Why would we think that bacteria would crawl inside of
another cell? Well, we assume that in a mutualistic relationship, both parties
benefit due to the relationship. Additionally, the endosymbiosis theory suggests
that mitochondria and chloroplasts’ lineages can be traced back to ancient
bacteria. Not only are these structures about the size of a bacterium (70S),
but these organelles also contain their own DNA in the form of one circular
chromosome like bacteria (3). Both bacteria and the organelles replicate via
binary fission (1).
Although this background information is necessary in
understanding the basic evolution of the eukaryotic cell, I would like to
specifically examine the relationship between mitochondria (derived from ancient
bacteria) and the primitive eukaryotic cell. As previously stated, at the time
of the initial endosymbiotic encounter, few species were equipped to convert
oxygen into another substance to avoid oxidation. Therefore, the host cell
greatly benefitted from its smaller counterpart because mitochondria convert
oxygen to ATP via substrate-level phosphorylation. Today, researchers have
evidence to suggest the mitochondria are related to the proteobacterium Rickettsia prowazekii, “an obligate
intracellular parasite” (3) due to its similarity in genomic sequence. Although
it is not exactly clear why the bacterium benefitted from the relationship, it
can be inferred that the bacterium was provided a “safe” environment to reside
in a chemically stable environment. This idea applies to chloroplasts as well.
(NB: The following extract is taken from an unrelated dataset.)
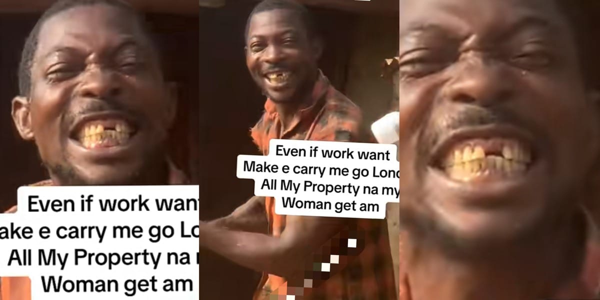 “See my teeth, my woman still love me” – Internet melts as bricklayer vows wife will inherit all his properties for loving him

To understand the role of early bacteria in the cell, let us
look at the function of a mitochondrion. Ultimately converting oxygen to ATP, mitochondria
are the powerhouses of a cell through their production of energy. Mitochondria
have two membranes, of which the outer membrane, containing porins, resembles Gram-negative
bacteria. The inner membrane contains cristae, infoldings that greatly increase
surface area. The inside of the mitochondria, the mitochondrial matrix,
contains ribosomes (similar to size of those of bacteria), DNA, and calcium
phosphate granules. The DNA and ribosomes are used to synthesize some of its
proteins (3).
The mitochondrion is the location of the tricarboxylic acid
cycle (TCA), production of ATP, and oxidative phosphorylation. In the TCA cycle, pyruvate is oxidized and
cleaved to form CO2 and acetyl-coenzyme A (acetyl-CoA), an
energy-rich molecule. After a series of reactions on acetyl-CoA, NADH and FADH2
are formed, which are both electron carriers. This reaction also yields
four ATP molecules. The electron carriers formed in the TCA cycle are active
players in the electron transport chain, as electrons are transferred to
acceptors such as oxygen. The electron transport chain involves an energy
gradient within the inner membrane of the mitochondria in eukaryotes and in the
plasma membrane in prokaryotes. In this process, NADH is oxidized to NAD+,
while the electrons are transferred to other molecules (such as oxgygen) with
more positive reduction potentials. Oxidative phosphorylation is the result of
the electron transport chain, in which protons move across the mitochondrial membrane
and ultimately produce a maximum of 34 ATPs. These processes are very
simplified, as more complex explanations involve in-depth biochemistry (3).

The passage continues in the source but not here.